Sea Shadow had 12 bunks, one small microwave oven, a refrigerator and table. It was not intended to be mission-capable and was never commissioned, although it is listed in the Naval Vessel Register.

Sea Shadow was revealed to the public in 1993, and was housed at the San Diego Naval Station until September 2006, when it was relocated with the Hughes Mining Barge to the Suisun Bay Reserve Fleet in Benicia, California. Until 2006, Sea Shadow and the HMB-1 were maintained and operated by Lockheed Martin for the US Navy. The vessels were available for donation to a maritime museum.

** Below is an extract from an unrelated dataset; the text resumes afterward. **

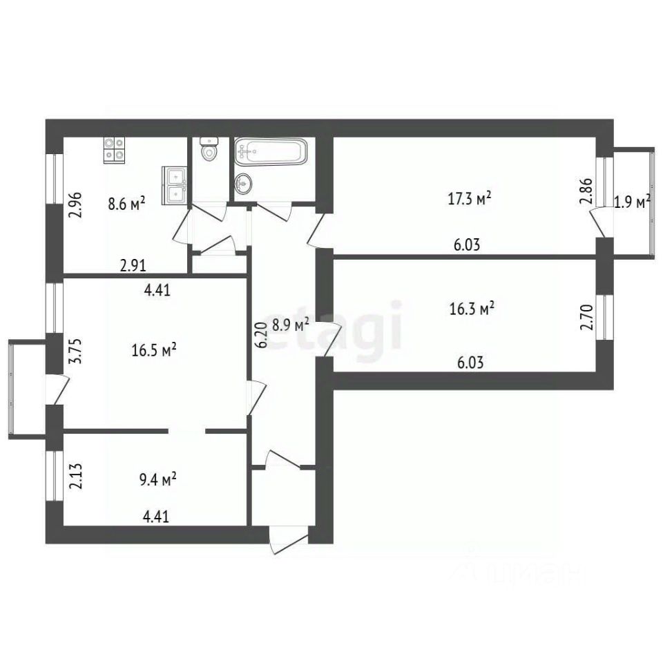 Основные характеристики квартиры: - Количество комнат: 4 - Общая площадь: 85 кв.м - Планировка: на две стороны - Санузел: раздельный - Ремонт здания: капитальный ремонт проведен 5 лет назад. Железобетонные перекрытия.

The USNS Impeccable and Victorious ocean surveillance ships have inherited the stabilizer and canard method to help perform their stability-sensitive intelligence collection missions.

In 2006, the U.S. Navy tried to sell Sea Shadow to the highest bidder; after the initial offering met with a lack of interest, it was listed for dismantling sale on gsaauctions.gov. The US government mandated that the buyer not sail the ship and be required to scrap it. The ship was finally sold in 2012. Sea Shadow was dismantled in 2012 by Bay Ship & Yacht Company.

In popular culture
In the 1997 James Bond film, Tomorrow Never Dies, the stealth ship is operated by the media tycoon Elliot Carver (Jonathan Pryce). Christened as Sea Dolphin II in the film, the secret and stealthy floating lair was used as a plot device to attempt to initiate World War III.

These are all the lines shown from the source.